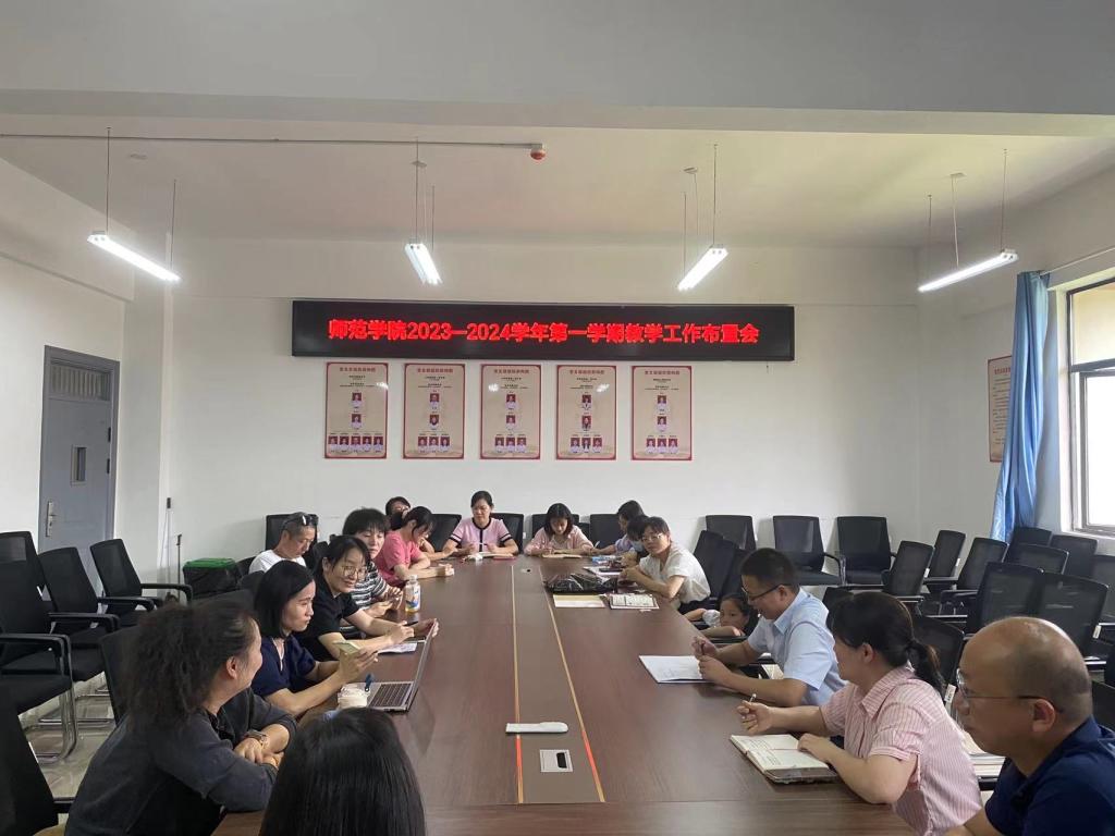 本站讯(师范学院 徐政)为保障新学期各项教育教学工作的顺利开展,8月31日下午,师范学院在正心楼党员活动室召开2023-2024学年第一学期教学工作布置会。党总支书记邹晓英主持会议,院长肖勇,副院长漆凡、袁军荣,教研室正副主任、专业负责人、教务科负责人出席会议。
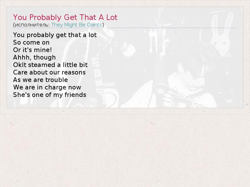 А как ты думаешь, о чем песня "You Probably Get That A Lot" ?
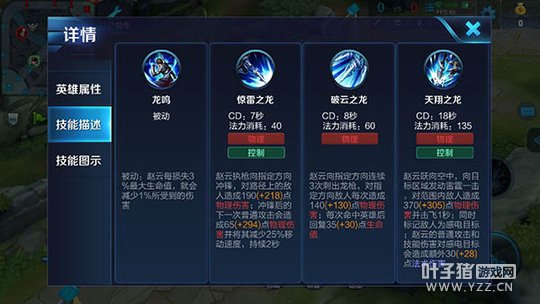大招让赵云拥有了强力的开团手段,他不仅可以对目标区域的敌人造成击飞效果及物理伤害,而且还能标记敌人为感电目标,在接下来的一段时间内,赵云的普攻及技能将对感电目标造成额外伤害。玩家可以利用此技能强突敌方后排,与一技能配合能够实现超远距离的追击或者逃生。一旦技能命中关键目标,那么赵云会对感电敌人进行高额的输出,敌方后排的生命安全将受到极大程度的威胁。
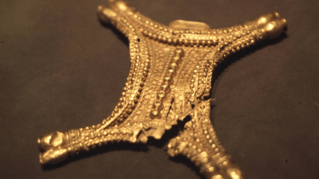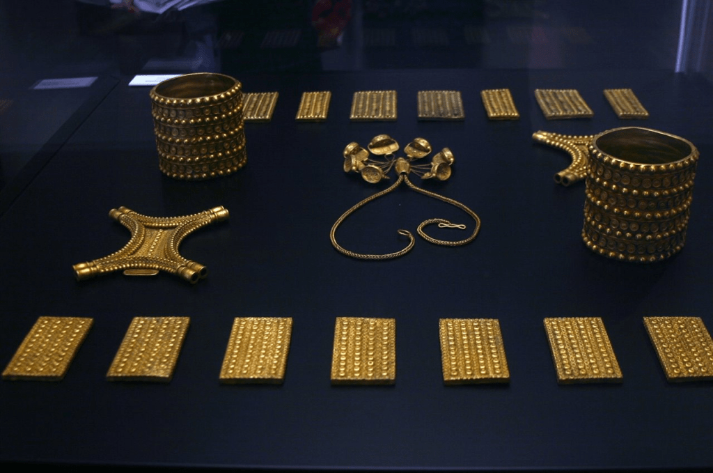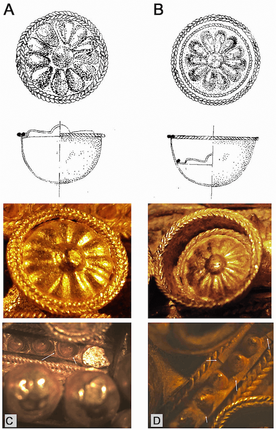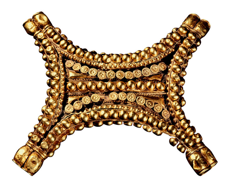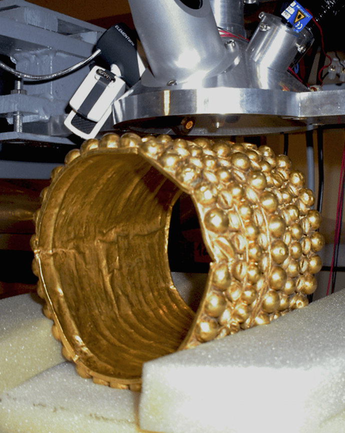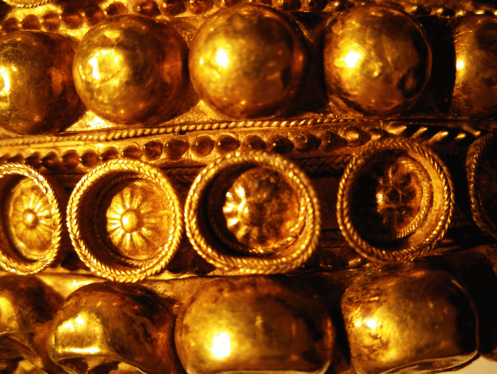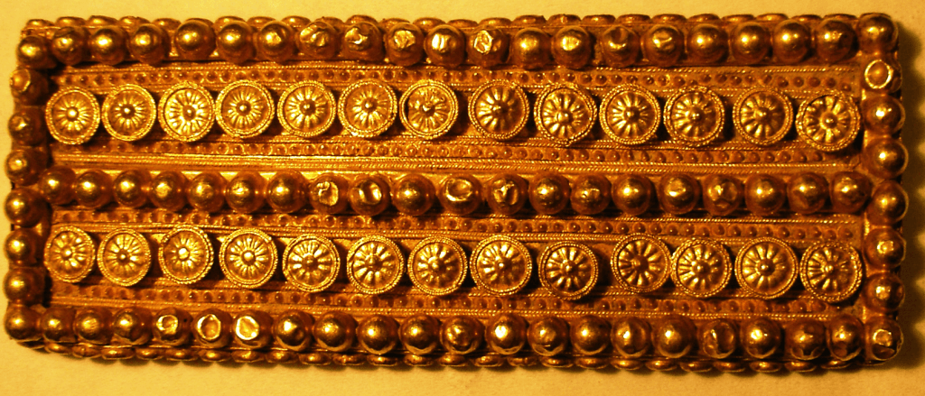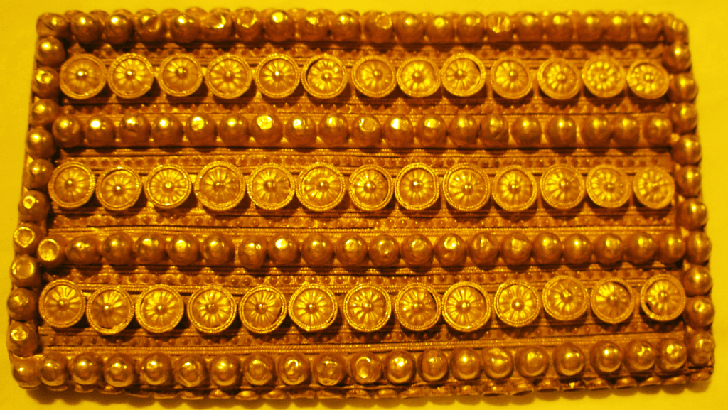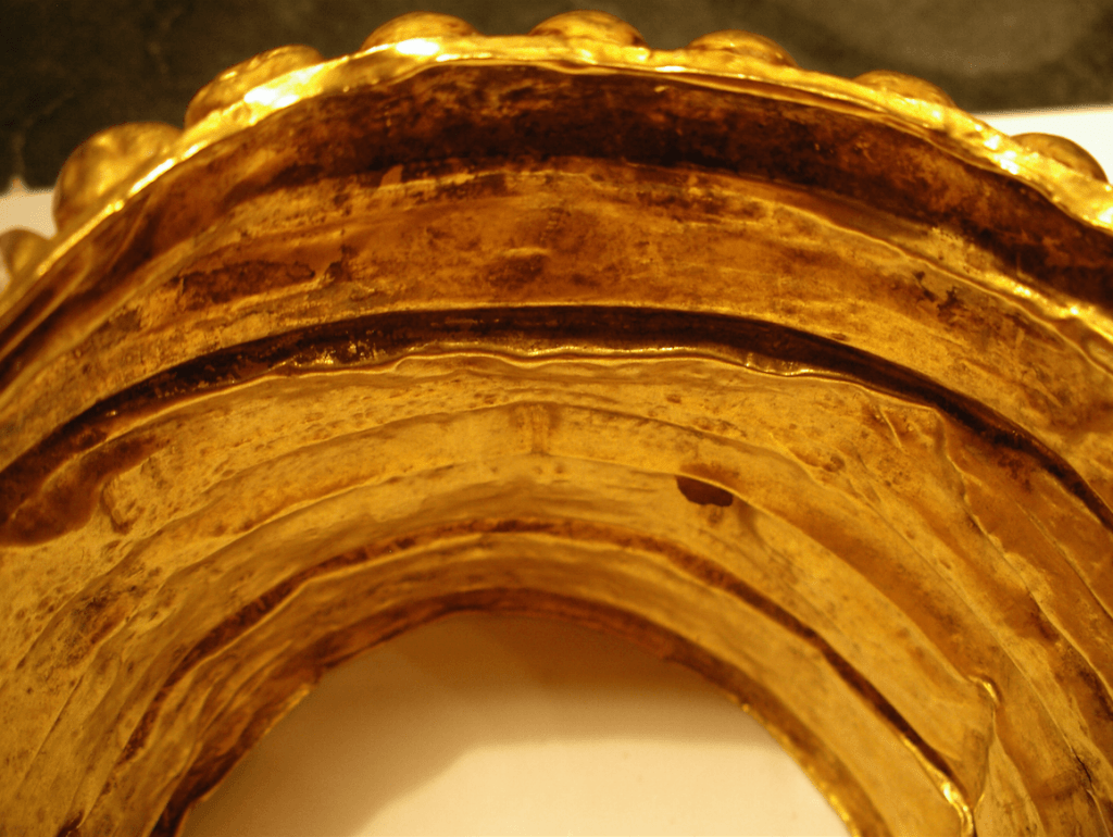 Detalles del interior de uno de los Brazaletes del tesoro de El Carambolo. Del ámbito oriental proviene el modelado de láminas por batido para formar las estructuras, las láminas peraltadas sobre las que se sueldan diversos elementos y el modelado con diferentes punzones y troqueles para dar forma a distintos elementos decorativos, las filigranas y el granulado del collar.

=======

* **WHAT IS EXPECTED**: Return only the lines from the one that contains "大招让赵云拥有了强力的开团手" through the closing line of the data, inclusive, reproduced exactly and with every picture left out.

* **FINISHED TASK**:
大招让赵云拥有了强力的开团手段,他不仅可以对目标区域的敌人造成击飞效果及物理伤害,而且还能标记敌人为感电目标,在接下来的一段时间内,赵云的普攻及技能将对感电目标造成额外伤害。玩家可以利用此技能强突敌方后排,与一技能配合能够实现超远距离的追击或者逃生。一旦技能命中关键目标,那么赵云会对感电敌人进行高额的输出,敌方后排的生命安全将受到极大程度的威胁。
 Detalles del interior de uno de los Brazaletes del tesoro de El Carambolo. Del ámbito oriental proviene el modelado de láminas por batido para formar las estructuras, las láminas peraltadas sobre las que se sueldan diversos elementos y el modelado con diferentes punzones y troqueles para dar forma a distintos elementos decorativos, las filigranas y el granulado del collar.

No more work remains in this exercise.